[Stored items]
========================

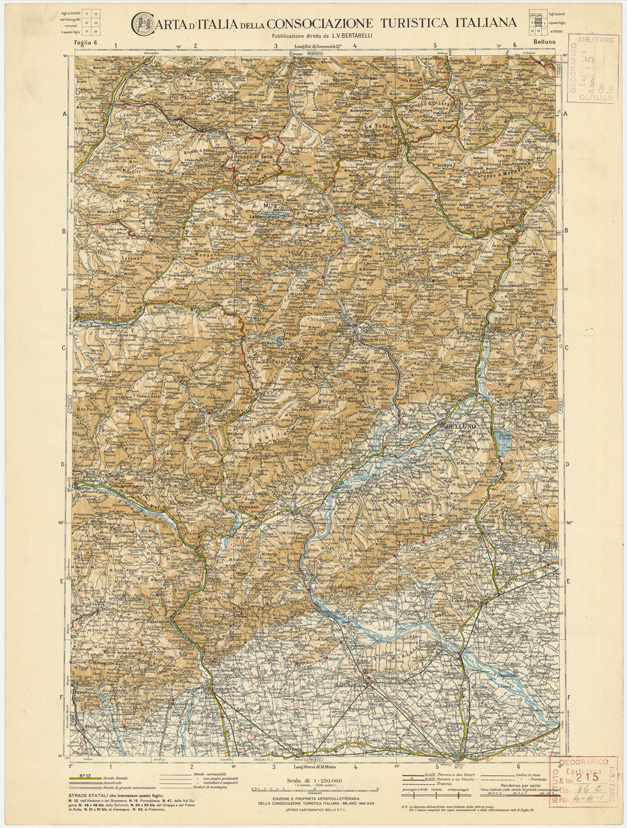 CARTA D'ITALIA DEL TOURING CLUB ITALIANO PUBBLICAZIONE DIRETTA DA L.V. BERTARELLI - Foglio 6 - Belluno.
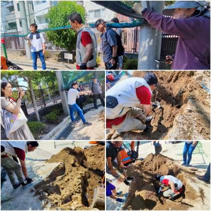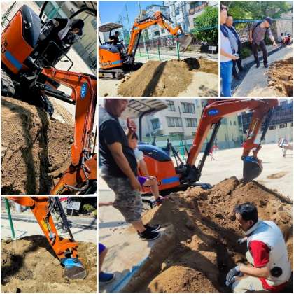 先日から20年前に埋めたタイムカプセルの場所を確認していましたが、今日は地域の方のご協力を得て、「ユンボ」で実際に掘って存在を確認しました。
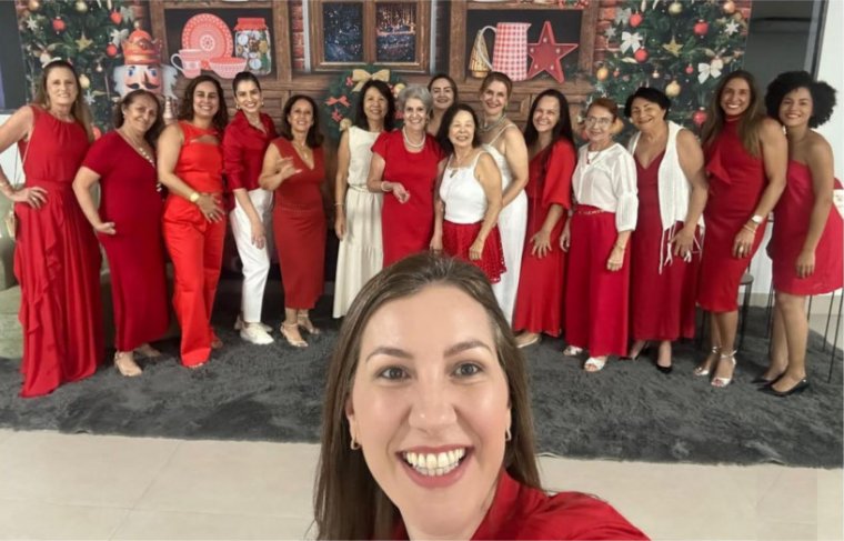Selfie especial da presidente da Liga Feminina de Combate ao Câncer de Gurupi, Rose Goiabeira marcou a confraternização. A Liga reuniu suas integrantes para uma noite de sábado, 6, inesquecível, celebrada entre abraços, sorrisos e a tradicional amiga secreta, sempre aguardado com carinho por todas.
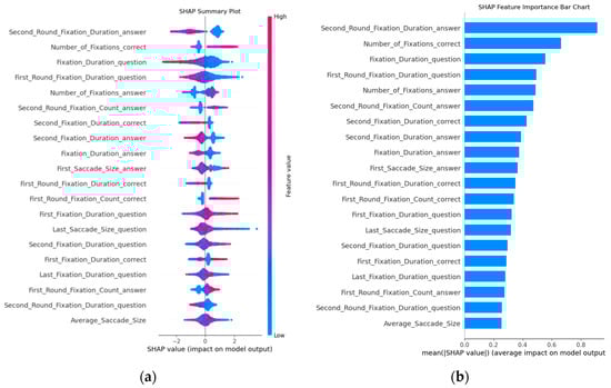 Given the limited interpretability of machine learning results, we do not clearly understand how various features contribute to predicting reasoning correctness. To identify which eye-tracking metrics play more significant roles, we used the SHAP method to interpret the best-performing black-box model. SHAP estimates the impact of each feature on the outcome based on game theory principles, enhancing model interpretability by calculating the Shapley values to measure the contribution of each feature as its importance (Lundberg and Lee 2017). Due to its advantages in interpretability and visualization, SHAP is widely used in the machine learning field (Nordin et al. 2023; Wang et al. 2023a).
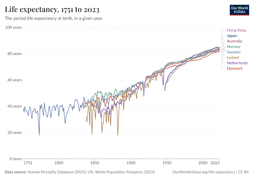 Human Mortality Database (2025); UN, World Population Prospects (2024) – processed by Our World in Data. “Life expectancy at birth – HMD – totals, period tables” [dataset]. Human Mortality Database, “Human Mortality Database”; United Nations, “World Population Prospects” [original data]. Retrieved January 6, 2026 from https://select-date-by-typing.owid.pages.dev/grapher/life-expectancy-hmd-unwpp
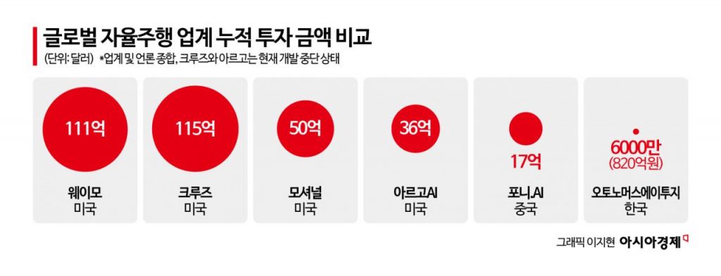 27일 업계에 따르면 글로벌 자율주행 1위 업체인 구글 웨이모의 누적 투자 금액은 110억달러(15조원), 현대차그룹이 투자한 미국 자율주행 업체 모셔널은 50억달러에 달한다. 국내에서 테스트를 진행 중인 중국 기업 포니.AI도 최소 17억달러 이상의 투자를 유치한 것으로 나타났다. 반면 국내에서 가장 많은 투자를 유치한 오토노머스에이투지의 누적 투자 금액은 6000만달러(820억원)에 불과하다. 1위 업체인 웨이모 투자 금액의 1%도 안 된다.
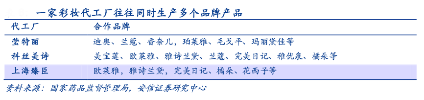 經(jīng)典案例:根據(jù)國家藥品監(jiān)督管理局、安信證券研究中心等綜合資訊表明,包括科絲美詩、瑩特麗、上海臻臣、諾斯貝爾等在內(nèi)的代工廠往往會生產(chǎn)多個品牌的產(chǎn)品,因此“平替”頻出。對于低端彩妝,消費(fèi)者對溢價敏感度高,一旦產(chǎn)品提價超過心理預(yù) 期,就會尋找下一個“平替 ”,因此品牌調(diào)性高的高端彩妝品牌將擁有更高的競爭壁壘。

========================

» WHAT YOU HAVE TO DO:
Repeat, with no pictures, each line from the beginning of the data through the line containing "Given the limited", inclusive.

» OUTPUT FOR THIS EXERCISE:
 CARTA D'ITALIA DEL TOURING CLUB ITALIANO PUBBLICAZIONE DIRETTA DA L.V. BERTARELLI - Foglio 6 - Belluno.
 先日から20年前に埋めたタイムカプセルの場所を確認していましたが、今日は地域の方のご協力を得て、「ユンボ」で実際に掘って存在を確認しました。
Selfie especial da presidente da Liga Feminina de Combate ao Câncer de Gurupi, Rose Goiabeira marcou a confraternização. A Liga reuniu suas integrantes para uma noite de sábado, 6, inesquecível, celebrada entre abraços, sorrisos e a tradicional amiga secreta, sempre aguardado com carinho por todas.
 Given the limited interpretability of machine learning results, we do not clearly understand how various features contribute to predicting reasoning correctness. To identify which eye-tracking metrics play more significant roles, we used the SHAP method to interpret the best-performing black-box model. SHAP estimates the impact of each feature on the outcome based on game theory principles, enhancing model interpretability by calculating the Shapley values to measure the contribution of each feature as its importance (Lundberg and Lee 2017). Due to its advantages in interpretability and visualization, SHAP is widely used in the machine learning field (Nordin et al. 2023; Wang et al. 2023a).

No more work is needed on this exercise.